I suppose that she was in the wrong place at the right time. Someone forgot to wear a mask, someone failed to wash their hands, someone got a little too close. The system was supposed to protect her, and I guess at some level that protection happened.
But that was not enough.
COVID-19 is a disease that continues to strike fear in those of us tasked with trying to care for the infected patient. There has been a whirlwind of science trying to help us catch up with a disease process, but as of now there are next to no treatment options that actually work.
We do lots of things in trying to support the patients, but in reality not much is helpful. Survival seems to be random, which is hard on the scientific ego. We want to “know” that the care we provide is working and helpful.
But that knowledge evades us most of the time.

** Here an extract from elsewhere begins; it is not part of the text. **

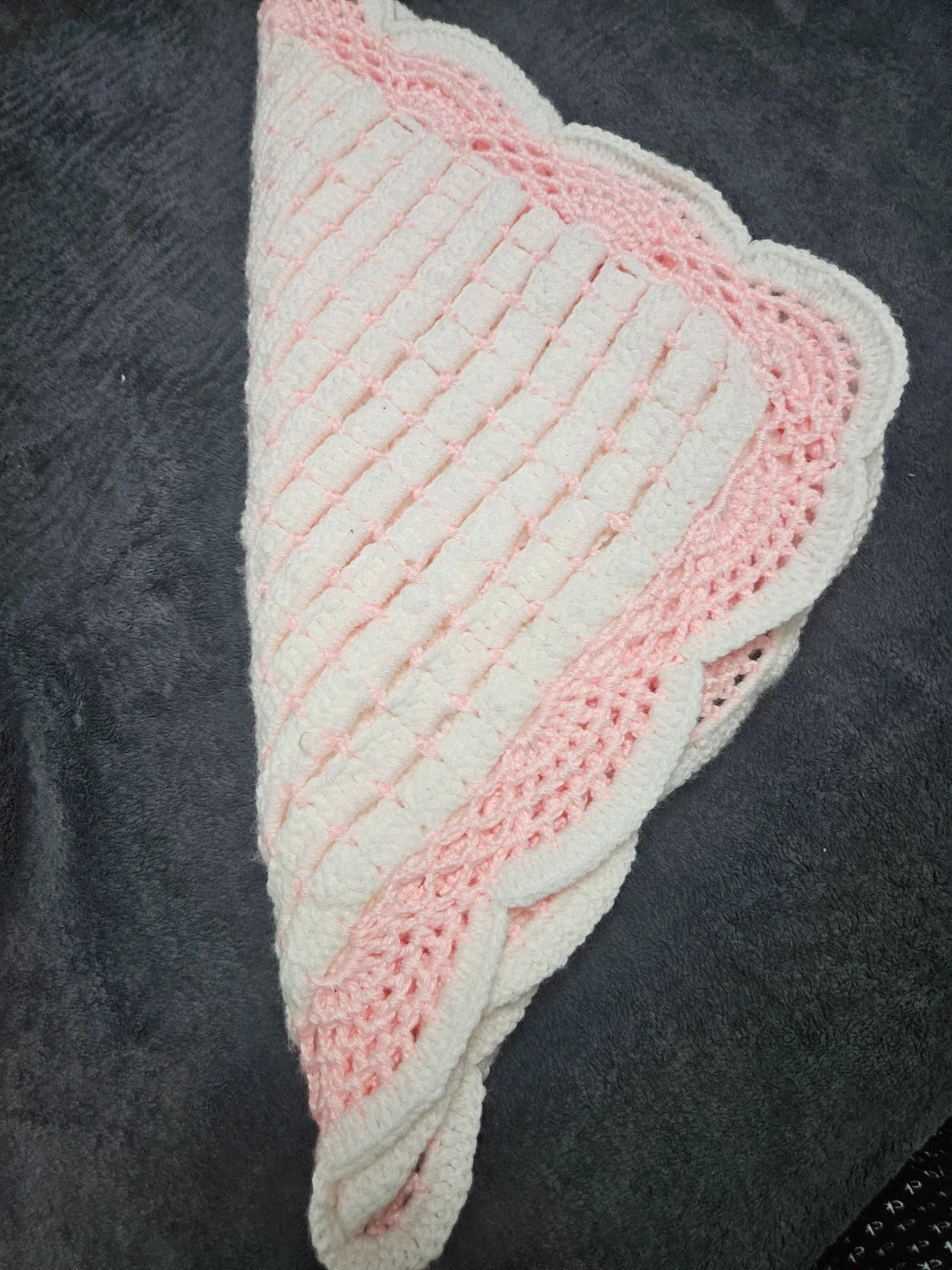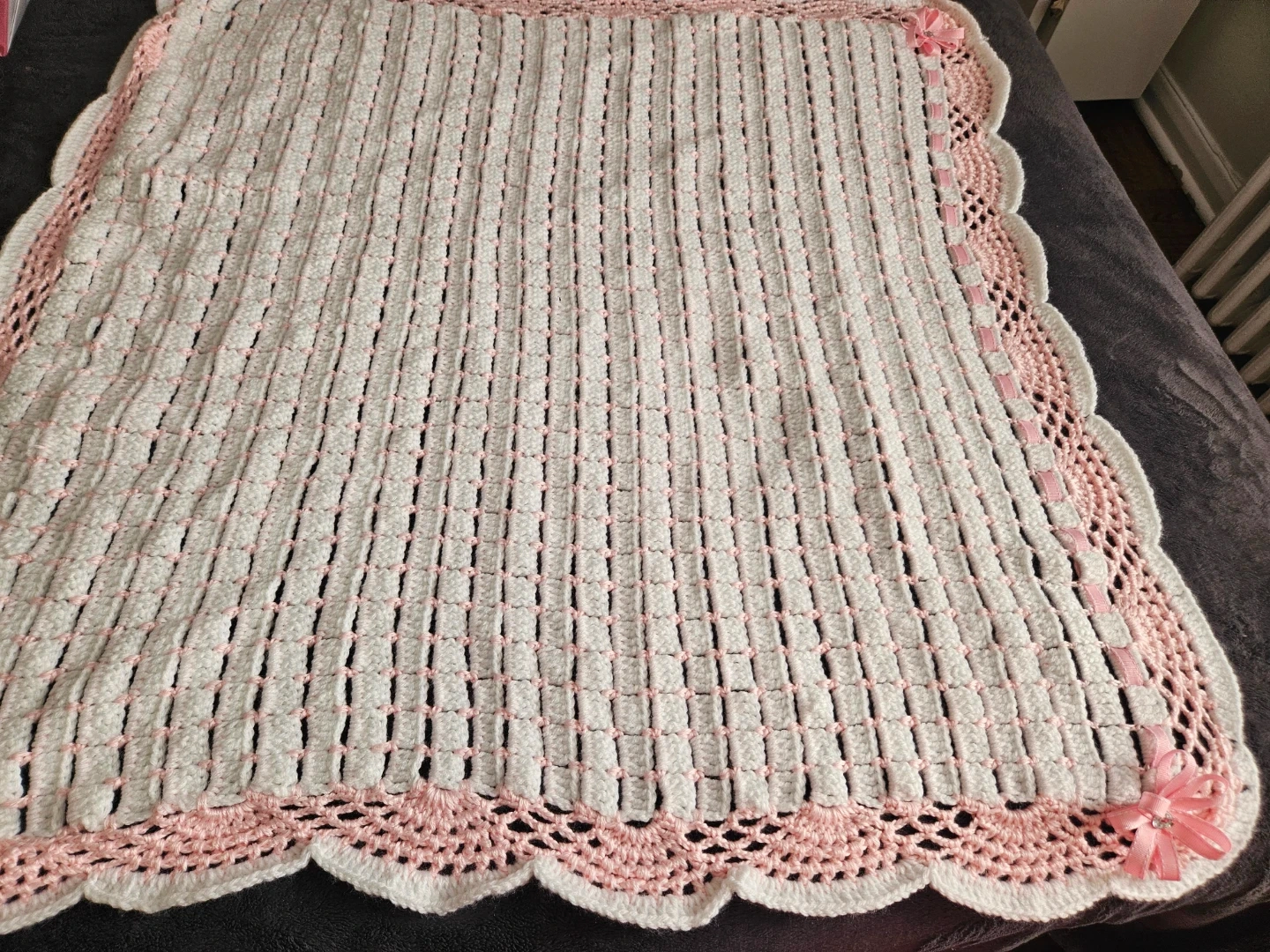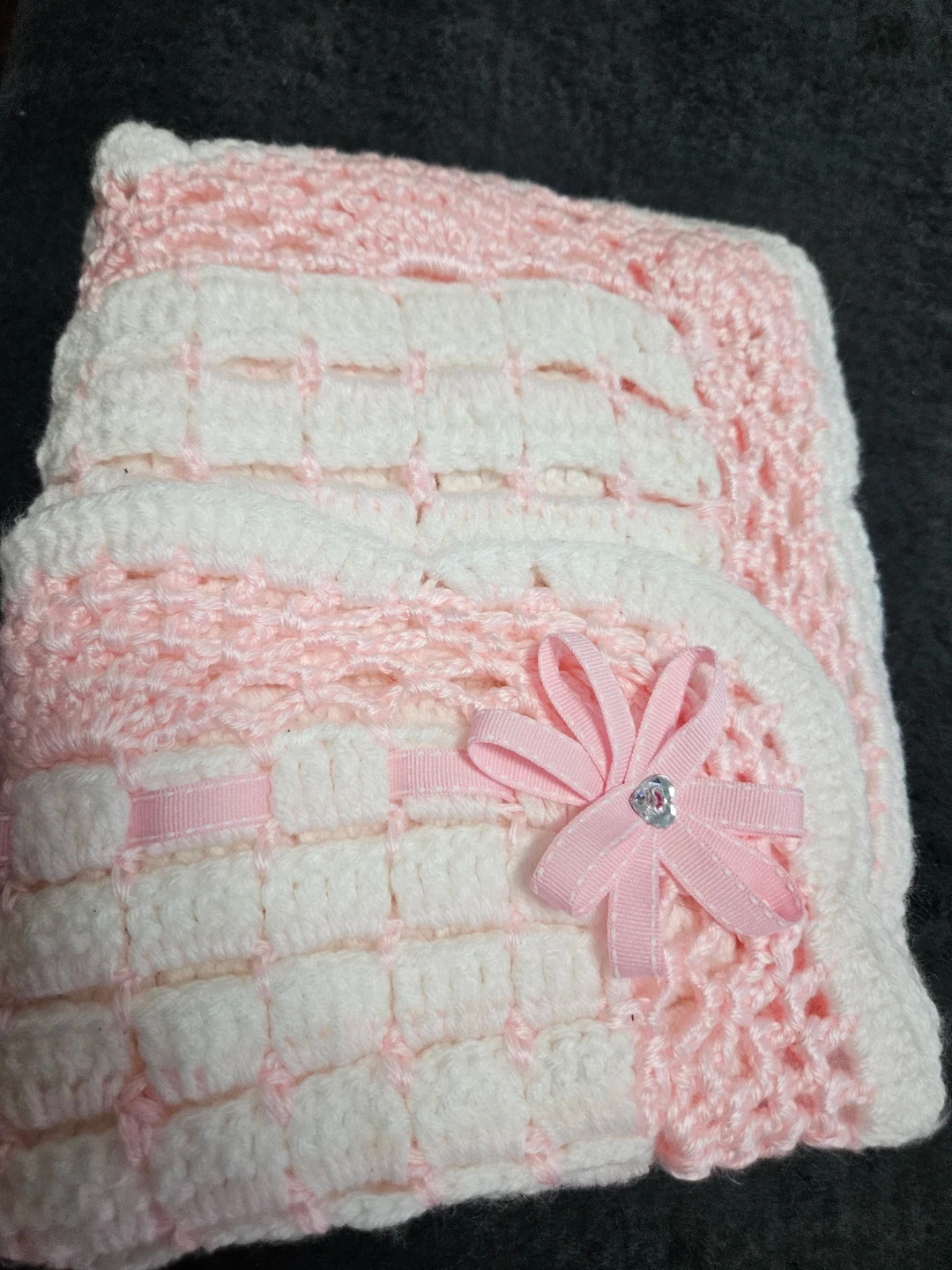 Selling a sweet, handmade crochet baby blanket in soft pink and white. It's in great condition and perfect for keeping your little one cozy and warm. The scalloped edge and ribbon accents add a lovely touch!

She was 96 years old, living in an assisted living center with her husband. I still remember seeing her and her husband in the office — they would hold hands while they waited for me to show up. They held hands for the 20 some years that I provided their primary care.
I had seen her through lots of the ravages of aging ... her osteoporosis-induced fractures and bending of her spine ... her fall and resultant hip fracture ... the subsequent rehab to learn to walk without being fearful ... and then the slow and steady loss of memory and ability to follow my conversations. She did all of this before my eyes.
And through it all, she dutifully cared for her husband. Then he fell and fractured his neck — one of those non-surgical fractures where you are required to wear a neck brace for weeks. He was in the nursing home, and she could not see him because of the COVID visitation restrictions.
She comes to the emergency room with fever. Turns out it was a urinary tract infection and not the dreaded COVID. So she was admitted and managed with antibiotics and fluids and got to go back to assisted living. Her COVID test was negative on admission to the hospital, her COVID test was negative as she went back to assisted living.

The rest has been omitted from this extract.